ADMIRAL STAVRIDIS: Well, first of all, let me confirm you can hear me in the audience. Can everyone hear you? 

JANICE GROSS STEIN: Yeah

ADMIRAL STAVRIDIS: Okay? Perfect. So, thank you for having me. It’s an honour to be with this audience and with the Munk Dialogues. Also, whenever I’m with a Canadian audience, I like to simply begin by saying that many of your brave and professional troops served under my command in Afghanistan. And they were honourable, and I was honoured to be their commander. We could have a debate about how it turned out and why we went in and a lot of other things. But as Canadians, you should, and I know you are very proud of your military. Whenever I saw that Maple Leaf patch, I knew I was in the presence of a true hero. So, thank you. 

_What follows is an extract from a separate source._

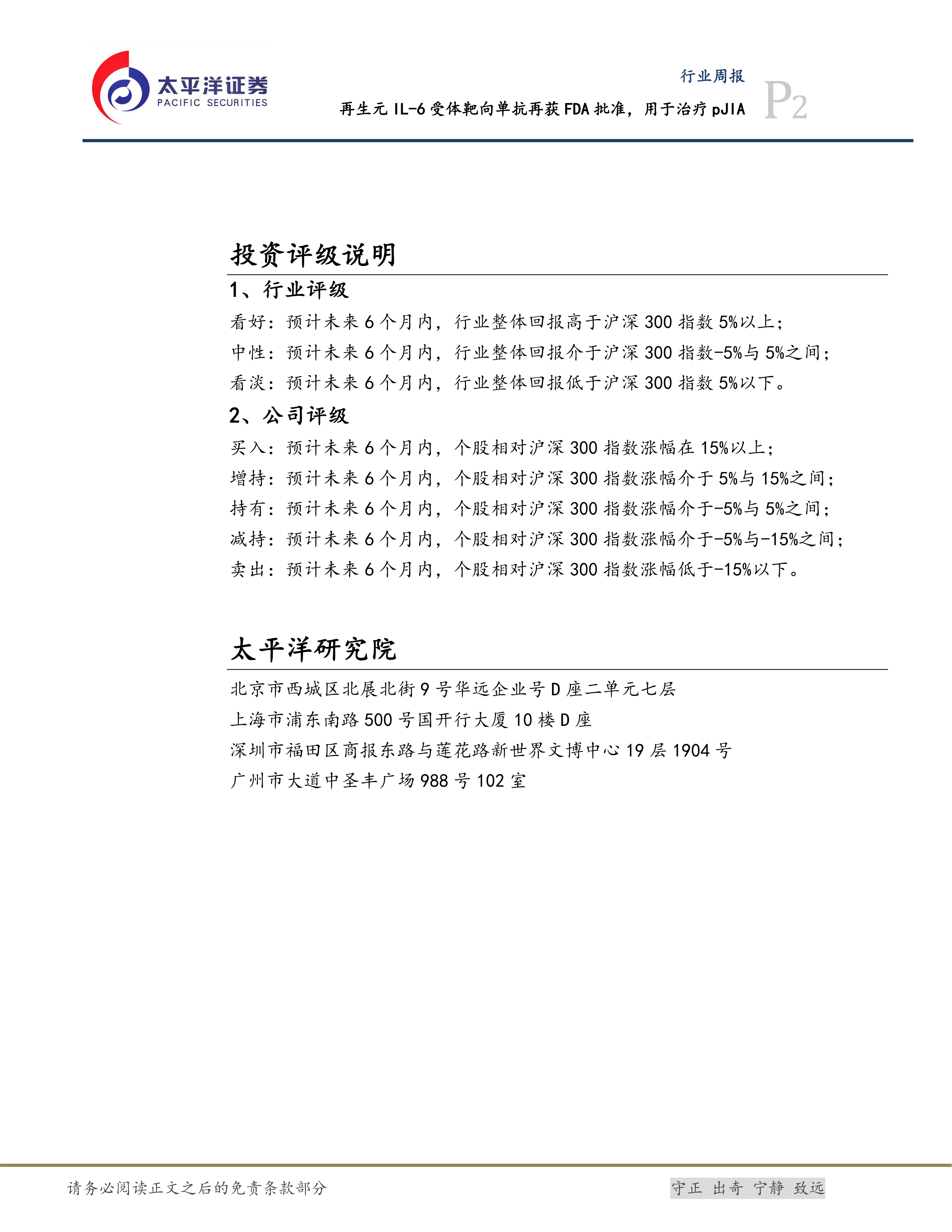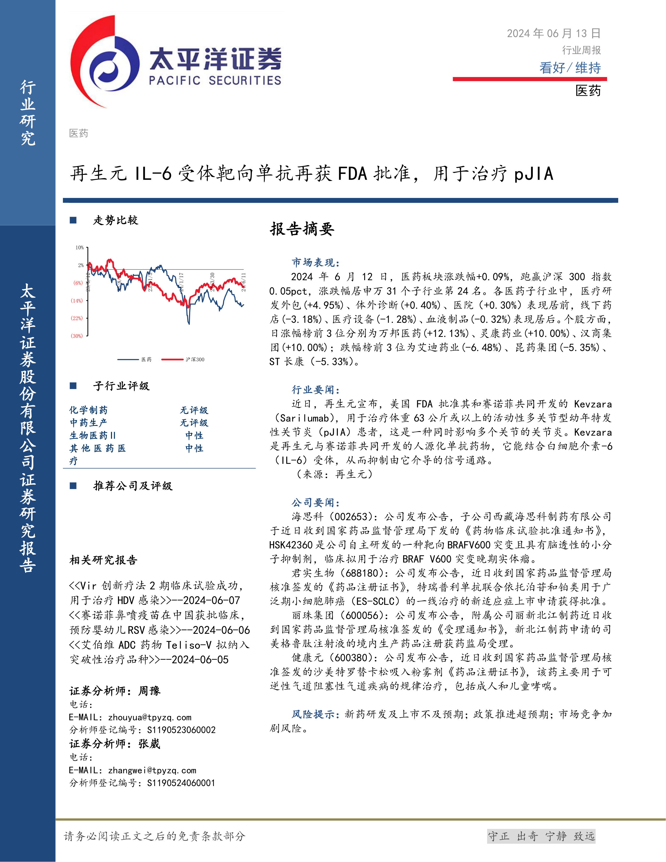 医药行业周报:再生元IL-6受体靶向单抗再获FDA批准,用于治疗pJIA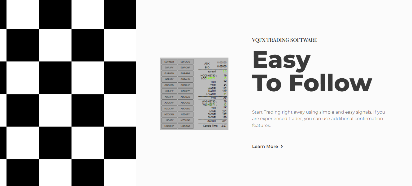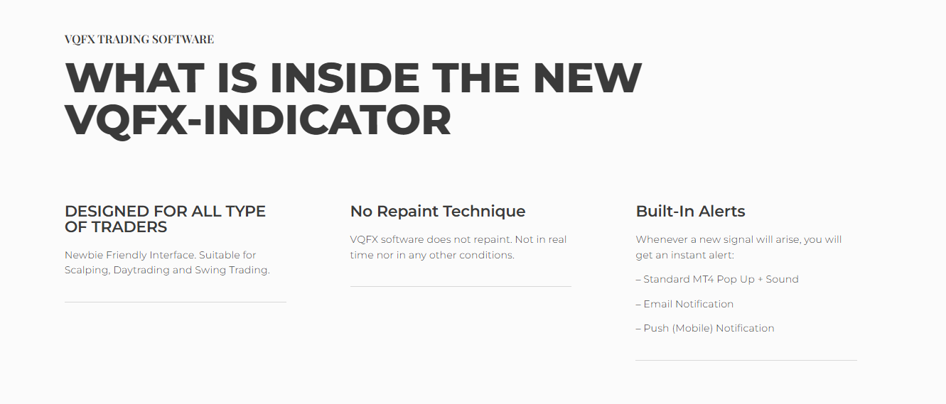 • Confluence Tool: VQFX can be used also combined with structure analysis (support/resistance, supply/demand) or volume/volatility filters to validate its signals.

Let’s start with Putin because I think to understand what’s going on, you have to kind of go from the inside out. And what I mean by that is you need to begin with Vladimir Putin, the man the biography, you need to understand his background. He is an angry, bitter dead-ender, who was a lieutenant colonel in the KGB during the Cold War, stationed in East Germany. The East Germans finally got their neck out from under the boot of the Russians that annoyed him. 

He watched the collapse of the Soviet Union. That enraged him, and he has carried that bitterness, that anger that truly deeply, madly felt hatred, in particular for my nation for the United States of America, but also for NATO for all of us. Because he felt that was the, I’m quoting here, the greatest tragedy of the 20th century. Really, a century in which we saw 80 million people killed in the First and Second World War, a holocaust, too many atrocities to describe, but the worst thing that happened was the end of this evil empire. I don’t think so, but that’s his mindset. And he has spent his life climbing his way to the top of the greasy pole of Russia, and to find himself in a position where he can, in his view, reconstitute what can be done of that shattered Soviet Union. 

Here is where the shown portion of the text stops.